■ REQUIRED ACTION: Every picture stays out; everything else in the listing below is to be returned exactly.

■ SOURCE MATERIAL:

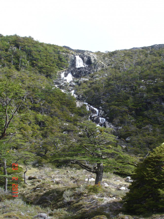Logo antes do rio Torito fazer uma curva virando para o Norte, rumo ao lago Fagnano, ficava o ponto do GPS. Mas cadê a trilha? Um pequeno paredão de pedra dificultava a subida. Como a trilha ia em frente supus que a subida deveria ser mais adiante. Entrei numa floresta de lenga onde vi que costumavam acampar. A trilha desaparecia, mas dentro da floresta era mais descampado e dobrei a esquerda começando a subir por entre as árvores espaçadas. Logo começou a dificuldade com subida íngremes, apenas indícios indicavam que gente passou ali.
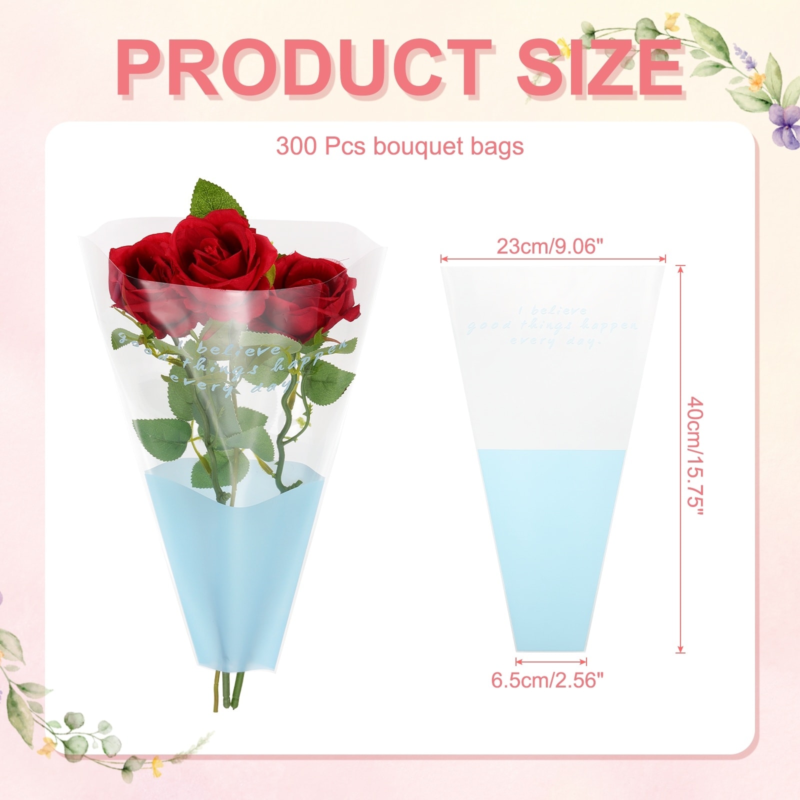 Plastic Rose Floral Bouquet Bags Single Flower Sleeves Wrapping Bags for Wedding, Birthday, Retail Packaging - 1.3ft
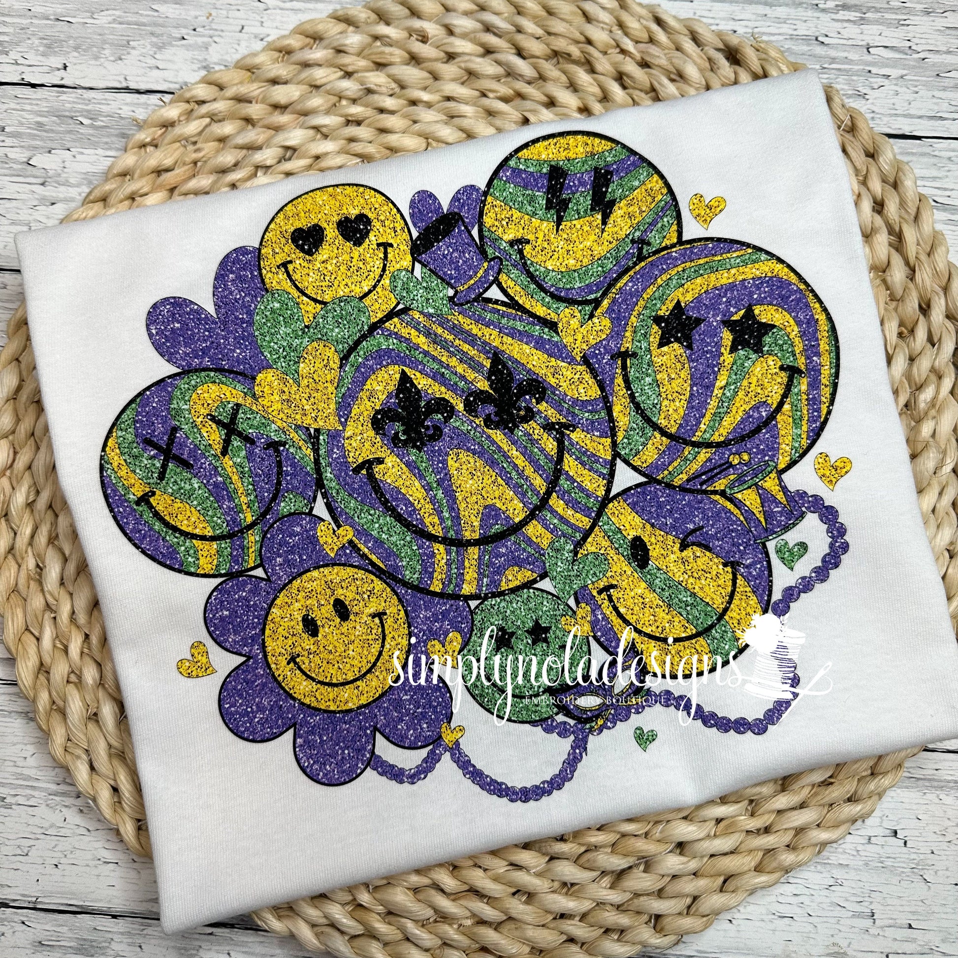 Woman’s Mardi Gras Shirt, Retro Mardi Gras Smiley Face Shirt, Retro Smiley Face, Mardi Gras Shirt, Retro Mardi Gras Shirt, Faux Glitter DTF
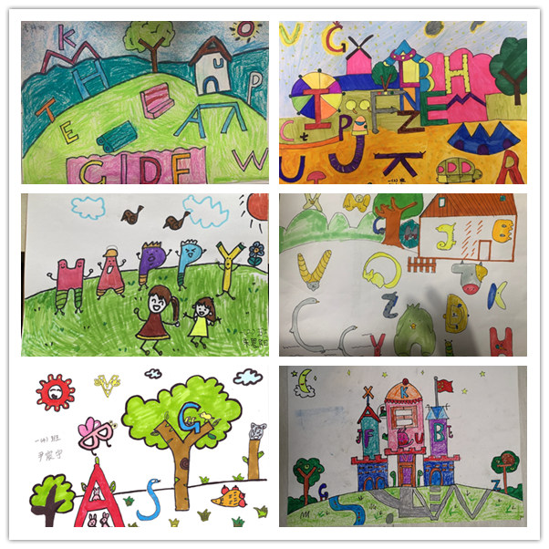一年级的小朋友用奇思妙想,惟妙惟肖地将英文字母与绘画结合,赋予简单的字母丰富的涵义,构成了一幅幅完整又充满童趣的创意画。

■ SOLUTION TO THE PROBLEM:
Logo antes do rio Torito fazer uma curva virando para o Norte, rumo ao lago Fagnano, ficava o ponto do GPS. Mas cadê a trilha? Um pequeno paredão de pedra dificultava a subida. Como a trilha ia em frente supus que a subida deveria ser mais adiante. Entrei numa floresta de lenga onde vi que costumavam acampar. A trilha desaparecia, mas dentro da floresta era mais descampado e dobrei a esquerda começando a subir por entre as árvores espaçadas. Logo começou a dificuldade com subida íngremes, apenas indícios indicavam que gente passou ali.
 Plastic Rose Floral Bouquet Bags Single Flower Sleeves Wrapping Bags for Wedding, Birthday, Retail Packaging - 1.3ft
 Woman’s Mardi Gras Shirt, Retro Mardi Gras Smiley Face Shirt, Retro Smiley Face, Mardi Gras Shirt, Retro Mardi Gras Shirt, Faux Glitter DTF
一年级的小朋友用奇思妙想,惟妙惟肖地将英文字母与绘画结合,赋予简单的字母丰富的涵义,构成了一幅幅完整又充满童趣的创意画。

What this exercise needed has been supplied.